People at the tidal flats 3: A Quick Wrap Up

In the last post we discussed projected changes in Iqaluit’s environment from atmospheric warming, and some of the effects this is expected to have on the coastal landscape. Now we’re going to talk about some of the implications this has for the future, and for more work in the ongoing effort to adapt to climate change in Iqaluit.

We’ve seen that limited risk is projected for coastal infrastructure on Iqaluit’s coast. There is, however, elements of the shoreline that suggest hazards from flooding, wave runup, and sea-ice impacts. When we mapped the elevations of the coastal building we found that most municipal buildings sit above previous high water levels, whereas the subsistence infrastructure (fishing sheds on the beach) sometimes dip below past recorded high water levels. This is evident in the stories from previous flooding – it was these buildings that were flooded. The high water level story that persists in other parts of the country from storm surges and sea-level rise is, in Iqaluit, only part of the story. The influence of the tidal flats and the sea-ice on the coast presents a different picture of hazards for a coastal community under projected climate change.

Our observations suggest that the hazard from sea-ice pile-up and ride-up is dependent on how the ice freezes up in the fall. This is when the ice establishes an icefoot for the year and assembles itself for the season – it ‘sets up’. This icefoot, when established on the low slope tidal flats, provides a nice buffer for the coastal infrastructure. In 2011, when we were watching it, it established itself about 20-25 ft offshore of the fishing sheds.

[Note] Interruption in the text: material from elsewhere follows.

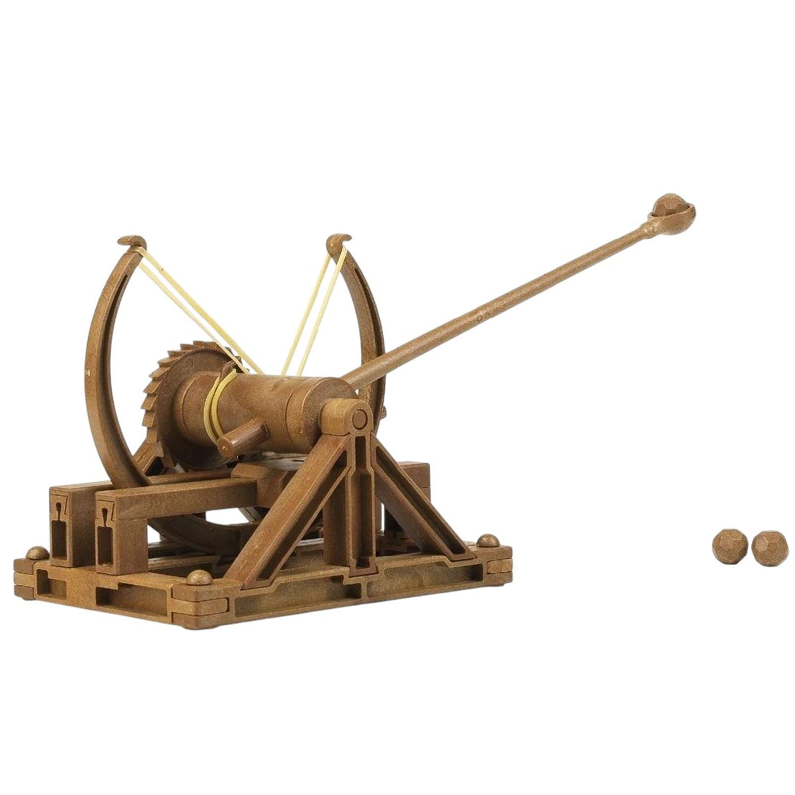 Academy's Da Vinci Catapult is a snap-together model kit inspired by Leonardo da Vinci's catapult improvement. It doesn't invent the catapult but enhances it-using a drum and leaf-spring mechanism instead of traditional tension methods.

Our current best guess at sea-level change in Iqaluit is a rise between 0 and 70 cm from 2010 to 2100 (*link to James*). More recent analysis suggests this could be even lower for a number of reasons. We’ve also argued that the tidal flats are important for their role in protection against incoming waves and from sea-ice incursion onto the beach. Lastly, we’ve seen no evidence for significant erosion over a three year timespan. The hazards in Iqaluit differ greatly from many other coastal communities around Canada that face worsening storm surges, rapidly rising sea-levels, and an increase in erosion from a decrease in protective sea-ice cover.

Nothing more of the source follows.